Train for the Worst, Plan for the Best: Understanding Token Ordering in Masked Diffusions
Автор: Summarize that research paper for me!
Загружено: 2025-09-24
Просмотров: 42
Описание:
Title:
Train for the Worst, Plan for the Best: Understanding Token Ordering in Masked Diffusions
Source:
https://arxiv.org/pdf/2502.06768
Summary:
This paper, "Train for the Worst, Plan for the Best: Understanding Token Ordering in Masked Diffusions," explores the trade-offs between Masked Diffusion Models (MDMs) and Autoregressive Models (ARMs) in discrete generative modeling. The paper won the Outstanding Paper award at ICML2025.
MDMs face a more challenging training process compared to ARMs because they must learn to solve an exponentially large number of "infilling" or masking problems in an "order-agnostic" way. This training complexity can lead to performance imbalances, where the model struggles with harder subproblems. However, this rigorous training provides significant flexibility during inference.

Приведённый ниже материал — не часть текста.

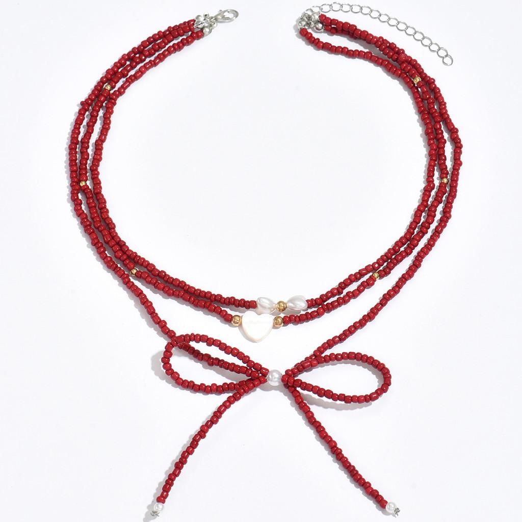 This necklace features a delicate butterfly knot design crafted from beads. Measuring in length, it blends casual elegance with modern style. Ideal for layered wear during summer events or daily accessories, its easy to maintain with gentle wiping.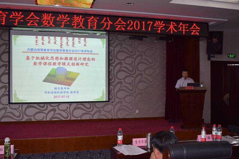 由内蒙古自治区高等教育学会数学教育分会和教育部民族教育发展中心“民族院校应用型学科专业建设”重点研基地主办、365上市公司官网协办的内蒙古自治区高等教育学会数学教育分会2017学术年会于2017年7月14日—16日在呼伦贝尔市举行,全区14所高校的近60名理事、专家和来宾参加。本次学术年会的主题为“创新-实践-发展”,由开幕式、学术报告、微课作品展示和闭幕式四个部分组成。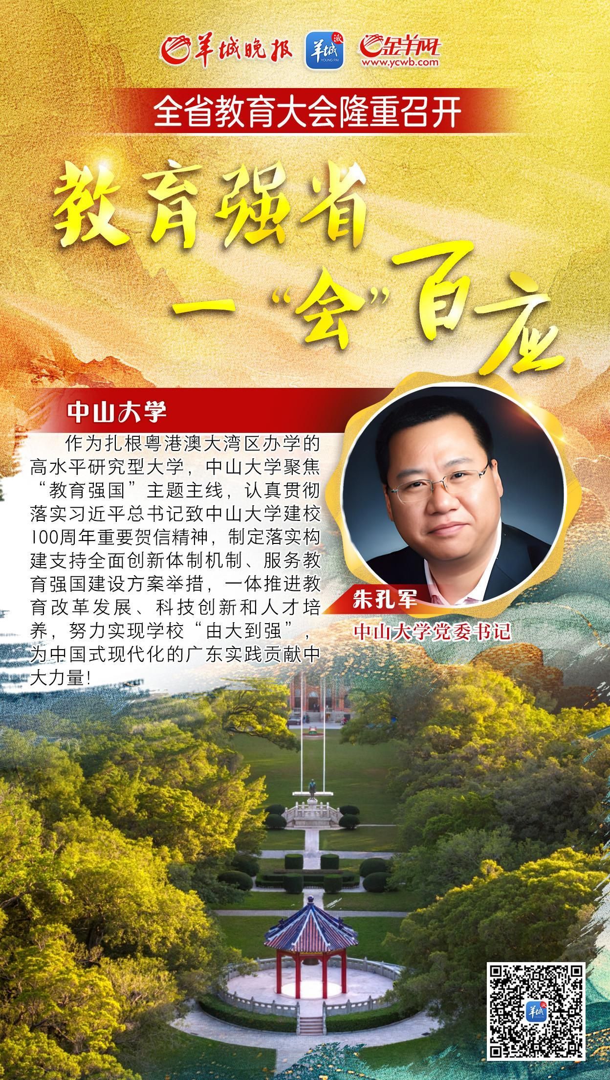 2月24日,广东省教育大会在广州召开,中山大学党委书记朱孔军作会议发言时表示,中大将牢牢把握教育的政治属性、人民属性、战略属性一体推进教育改革发展科技创新和人才培养加快建设中国特色世界一流大学。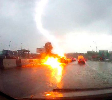 Imagens impressionantes do momento em que um carro é atingido por dois raios em uma via de Novosibirsk, na Rússia, foram divulgadas nas redes sociais no último final de semana e ganharam grande repercussão nas redes sociais.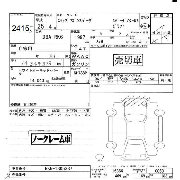 Год выпуска2013 Пробег 144 000 км КузовRK6 Комплектация4WD Z COOL SPIRIT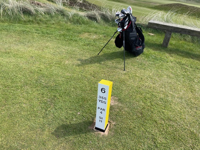 その後、パターを少々転がして、アウトから。前は空いていますが、スタート時間にならないと打てません。きちんとスターターの方がおられます。今日は黄色のティ6,641yから進行します。青は7,206y、白が6,925yです。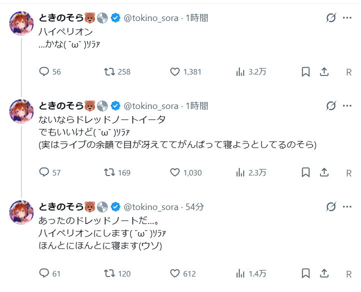 | … | 65126/03/10(火)10:55:55No.1409367226+俺はそらちゃんのポスト何言ってるのかサッパリ分からなかったぜ? |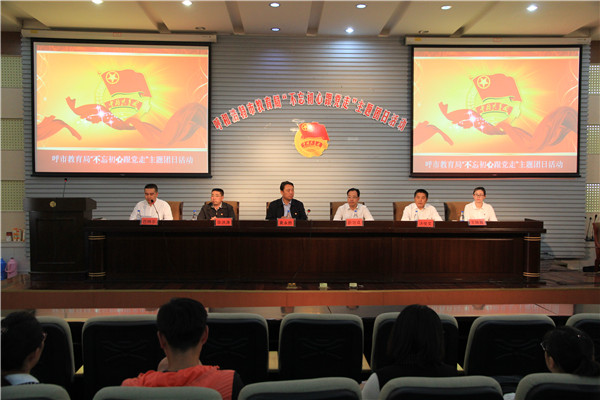 為了深入落實“學(xué)習(xí)總書記講話 做合格共青團(tuán)員”主題教育實踐活動,牢記習(xí)近平總書記五四青年節(jié)前夕對青年的寄語:“要充分發(fā)揮青年的創(chuàng)造精神,勇于開拓實踐,勇于探索真理?!?、 “廣大青年人人都是一塊玉,要時常用真善美來雕琢自己,不斷培養(yǎng)高潔的操行和純樸的情感,努力使自己成為高尚的人。”呼市教育局于 5月16日在呼市一中舉行了“不忘初心跟黨走”主題團(tuán)日活動。大會由市教育局青少年工作科巴特主持,呼市教育局黨工委委員、黨組成員、副調(diào)研員黃永勝,呼市教育局副調(diào)研員畢洪濤,團(tuán)市委副調(diào)研員蔚效成,團(tuán)市委學(xué)少部副部長、少先隊總輔導(dǎo)員王曉霞,呼市一中校長湯俊文出席了活動。

The key insight of the paper is that this inference flexibility can be leveraged to overcome the drawbacks of complex training. By using adaptive inference strategies—which strategically choose the order of token generation—MDMs can sidestep the difficult subproblems they were not well-trained on. The paper proposes two such strategies: "Top probability" and "Top probability margin," which select the next token to unmask based on the model's certainty.
Experiments show that these adaptive strategies dramatically improve performance. For instance, on Sudoku puzzles, an MDM's accuracy boosted from under 7% with standard (vanilla) inference to approximately 90% with adaptive inference. This result even surpassed a much larger ARM that was explicitly trained with the correct token generation order.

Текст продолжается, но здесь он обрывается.